Лена Элтанг - Каменные клены
Твое письмо домой потерялось, и за тобой никто не приехал — ни из Вишгарда, ни из лагеря. Несколько дней ты просидела в саду у ограды, выглядывая маму или отца на пыльной деревенской дороге. Не дождавшись, ты решила, что тебя бросили — в девять лет это классический вывод — и поклялась, что будешь жить одна до конца своей жизни. Ты решила поселиться на берегу моря, ни с кем не разговаривать, гулять по обрыву и подкармливать чаек. Разве твоя мечта не исполнилась?
Разве античное чувство вины, которое ты в себе лелеешь, не самый верный способ поселиться одной?
Разумеется, ты натворила немало глупостей, не стану их перечислять, довольно и той, что грызет тебя подобно дантовскому Уголино, грызущему череп врага. Или, все-таки — руки собственных детей? В своей будущей книге я остановлюсь на этом подробнее.
А пока просто поверь мне, пятидесятилетнему ментору: вина это не то, что ты думаешь. Вина — это не белый камень, который ты бросаешь в колодец, чтобы простоять всю оставшуюся жизнь, склонившись над колодезным срубом в ожидании всплеска. У вины нет причины, обстоятельств и катарсиса, дождавшись которого, ты можешь разогнуться, наконец, и начать жить по-человечески.

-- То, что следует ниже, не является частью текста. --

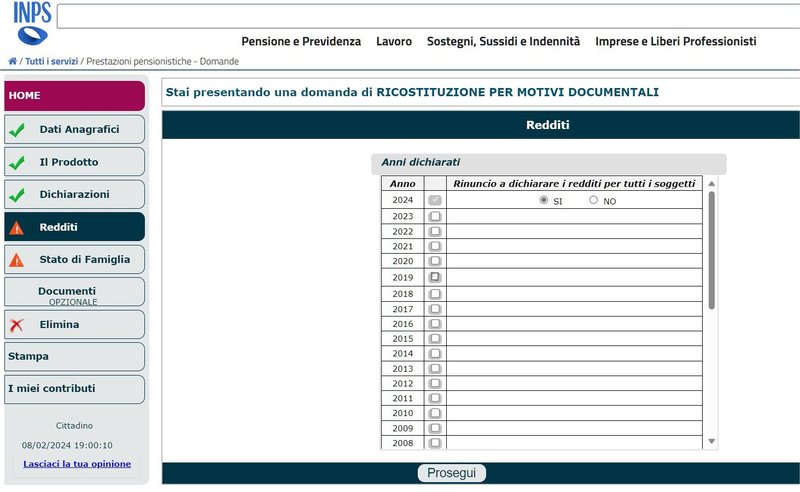 il pannello redditi è previsto perchè viene utilizzata anche per assegno di famiglia, per il quale i redditi sono necessari, ma c'è la possibilità di fleggare "rinuncio etc etc e ti fa andare avanti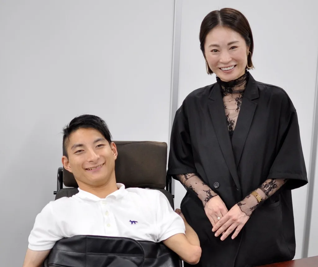 この母子は一般社団法人HI FIVE(ハイファイブ)の共同代表の畠山織恵さん(西淀川区)と重度脳性麻痺の長男亮夏さん(同)。亮夏さんは高校在学中、自分自身の体験を元に「生きる教科書プロジェクト=イキプロ。」を考案し、2018年6月に「親も子も障害にとらわれない自分らしく生きる人生」を目指して同法人を設立。現在は企業での研修、大学及び専門学校での講師業と並行し、普段の生活や試行錯誤する様子をありのままにYou Tubeで発信している。亮夏さんは「研修では上手にやらなければならないと不安に思うかもしれませんが、僕でたくさん失敗してもらえれば。少しでもコミュニケーションのハードルを下げたい」と話している。

У вины вообще нет своей жизни — это так же верно, как то, что она не может отнять твою. Вина — это сам колодец.
Лицевой травник
1999Есть трава земезея, собою она тонка и востра, как игла. А кто ея возьмет не ведаючи, ино руку порушит, до самыя кости все рознесет, а после станет садеть и долгое время не заживет, и кто ногою ступит не ведаючи — и ногу подрушит.

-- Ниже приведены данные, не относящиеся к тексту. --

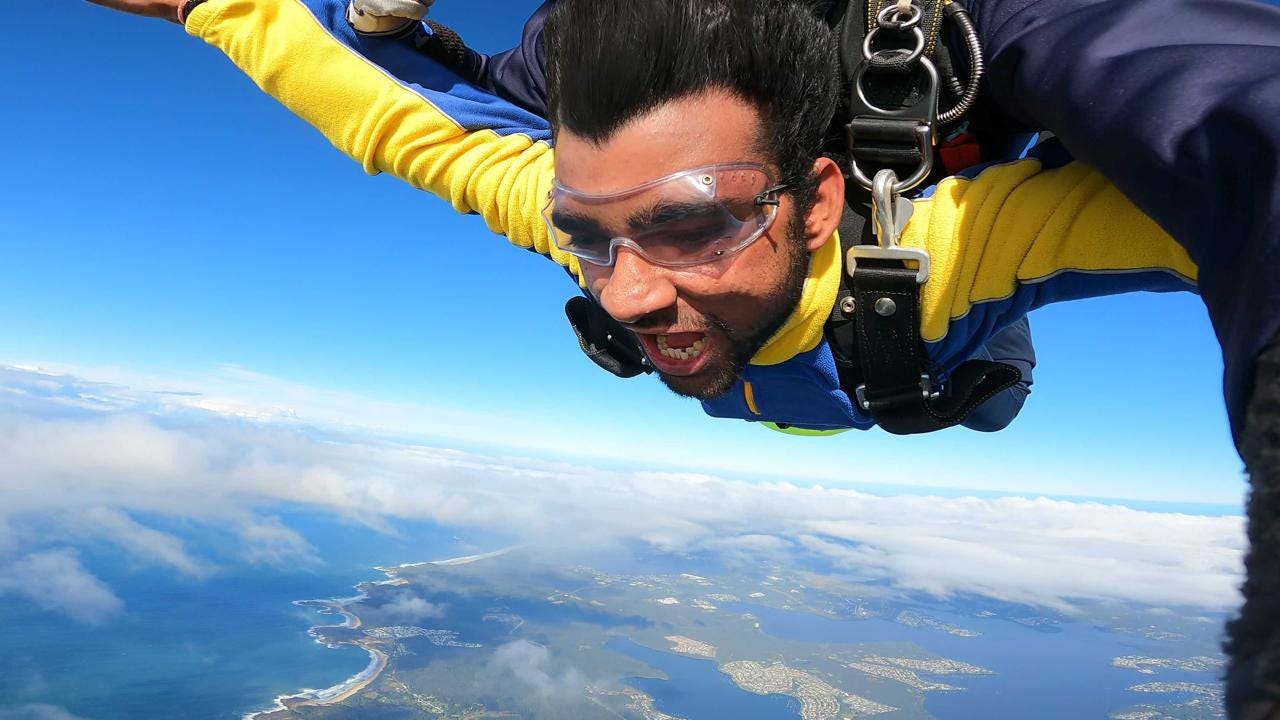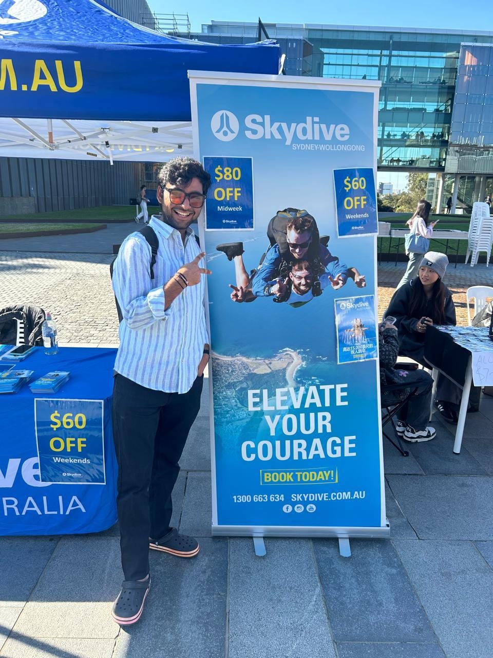 But then, a beautiful lady called out to me from behind a desk. The stall read “Skydive Australia.”

Когда Саше пришлось уехать в столицу на двенадцать дней, она попросила учителя Монмута заходить в «Клены» по вечерам и писать ей открытки о том, как обстоят дела.
Дэффидд прислал две короткие утешительные записки, а в конце недели приехал сам, чтобы сводить Сашу на премьеру в Шерман-театр. Со дня их помолвки прошло три года — учитель считал это поводом для ужина, но хотел, чтобы Саша сама вспомнила, и весь вечер дулся, помалкивал и разглядывал свои ловко подпиленные ногти.

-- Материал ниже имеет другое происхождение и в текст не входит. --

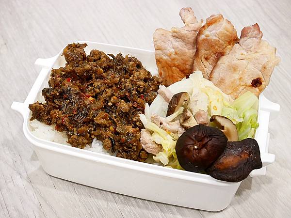 靜香的便當簡單搭配煎肉片還有炒高麗菜,這個份量女孩們都能吃飽飽,把梅干菜肉醬拌一拌每一口都很夠味,外頭買的便當都沒這個香~

— Я знаю его три года, — думала Саша, — какой ужас. Мне было двадцать с небольшим, папа был жив, а Младшая ходила в моей старой майке с надписью The University of Wales, Aberystwyth. Я держу его кольцо в ящике стола с осени девяносто пятого года и ни разу не надела — интересно, надевала ли его прежняя невеста свой перстень с бриллиантом? Сколько угля и бисквитов для завтрака помещается в такой перстень? Прошло три года, а я ни разу не видела Дэффидда без штанов. Да и что это за зрелище — голый учитель. Другое дело — голый Сондерс Брана, например, да только где его найдешь теперь, а найдешь, так он раздеваться не захочет.
— Зачем тебе эти курсы? — спросил учитель Монмут, когда они устроились за столиком у окна в Food Studio, где так крепко пахло пряностями и фасолью, что голодную Сашу замутило. — Поехали со мной. Твоя сестра совсем запустила дом, я заходил к вам вчера вечером: ее нет и ворота нараспашку. А в четверг она поила меня сомнительным чаем на неубранной кухне, переминалась с ноги на ногу и явно ждала, пока я уйду. От полотенец в ванной комнате пахнет стиральным порошком и сыростью… ужасно.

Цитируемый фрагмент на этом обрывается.